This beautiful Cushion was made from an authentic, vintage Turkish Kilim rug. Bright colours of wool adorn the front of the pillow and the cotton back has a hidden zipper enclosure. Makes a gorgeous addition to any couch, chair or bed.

____

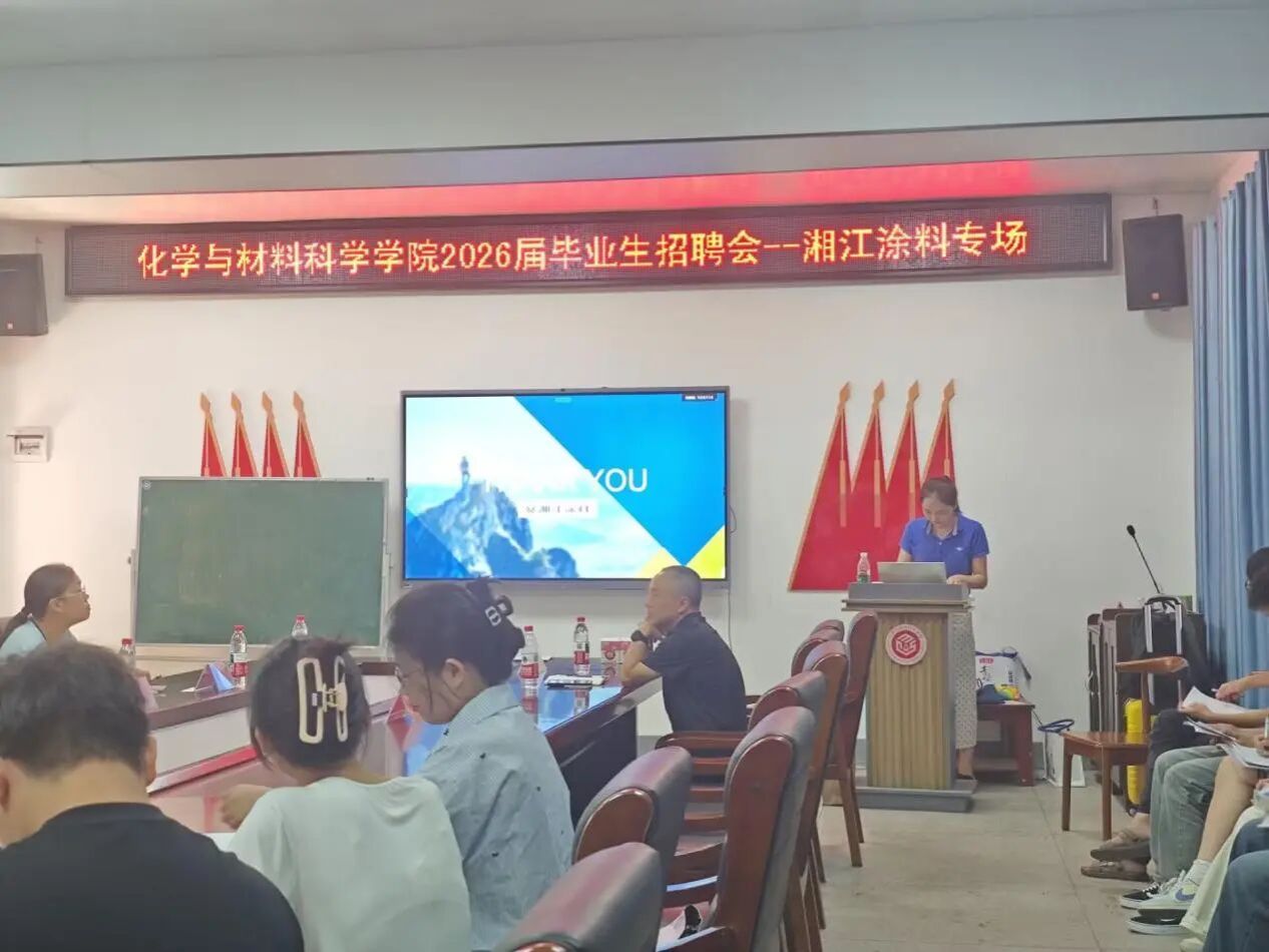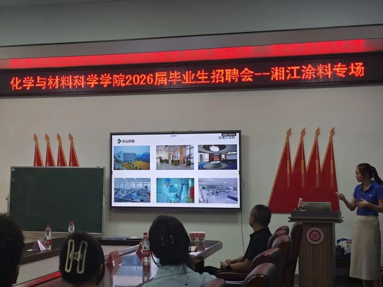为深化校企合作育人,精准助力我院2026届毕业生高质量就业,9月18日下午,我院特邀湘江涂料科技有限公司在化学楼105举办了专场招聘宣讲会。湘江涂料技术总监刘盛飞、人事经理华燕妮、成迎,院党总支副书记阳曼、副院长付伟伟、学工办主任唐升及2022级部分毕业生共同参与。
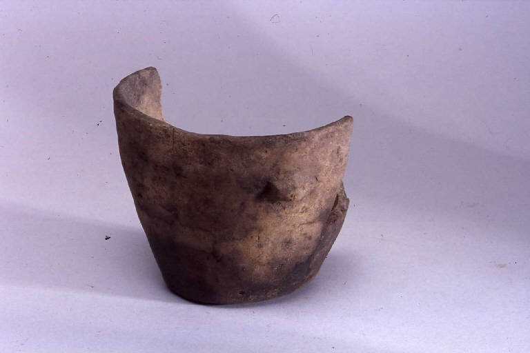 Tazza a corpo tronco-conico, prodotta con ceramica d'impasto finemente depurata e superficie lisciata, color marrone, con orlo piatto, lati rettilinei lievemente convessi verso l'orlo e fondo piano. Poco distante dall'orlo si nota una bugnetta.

____

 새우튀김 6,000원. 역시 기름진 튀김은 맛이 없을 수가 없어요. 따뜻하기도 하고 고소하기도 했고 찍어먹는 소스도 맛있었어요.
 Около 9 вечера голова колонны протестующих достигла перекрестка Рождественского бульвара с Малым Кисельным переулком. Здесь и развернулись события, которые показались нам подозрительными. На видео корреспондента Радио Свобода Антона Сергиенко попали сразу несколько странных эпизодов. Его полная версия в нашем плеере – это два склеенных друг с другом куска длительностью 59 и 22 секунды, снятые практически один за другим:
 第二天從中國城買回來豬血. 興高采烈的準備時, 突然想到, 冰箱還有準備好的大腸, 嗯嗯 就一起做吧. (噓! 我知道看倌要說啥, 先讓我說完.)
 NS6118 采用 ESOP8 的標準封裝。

____

- WHAT IS REQUIRED
Repeat exactly the lines above, beginning at the one containing "为深化校企合作育人,精准助力" and ending at the one containing "Tazza a corpo". Do not carry over any pictures.

- TASK SOLUTION
为深化校企合作育人,精准助力我院2026届毕业生高质量就业,9月18日下午,我院特邀湘江涂料科技有限公司在化学楼105举办了专场招聘宣讲会。湘江涂料技术总监刘盛飞、人事经理华燕妮、成迎,院党总支副书记阳曼、副院长付伟伟、学工办主任唐升及2022级部分毕业生共同参与。
 Tazza a corpo tronco-conico, prodotta con ceramica d'impasto finemente depurata e superficie lisciata, color marrone, con orlo piatto, lati rettilinei lievemente convessi verso l'orlo e fondo piano. Poco distante dall'orlo si nota una bugnetta.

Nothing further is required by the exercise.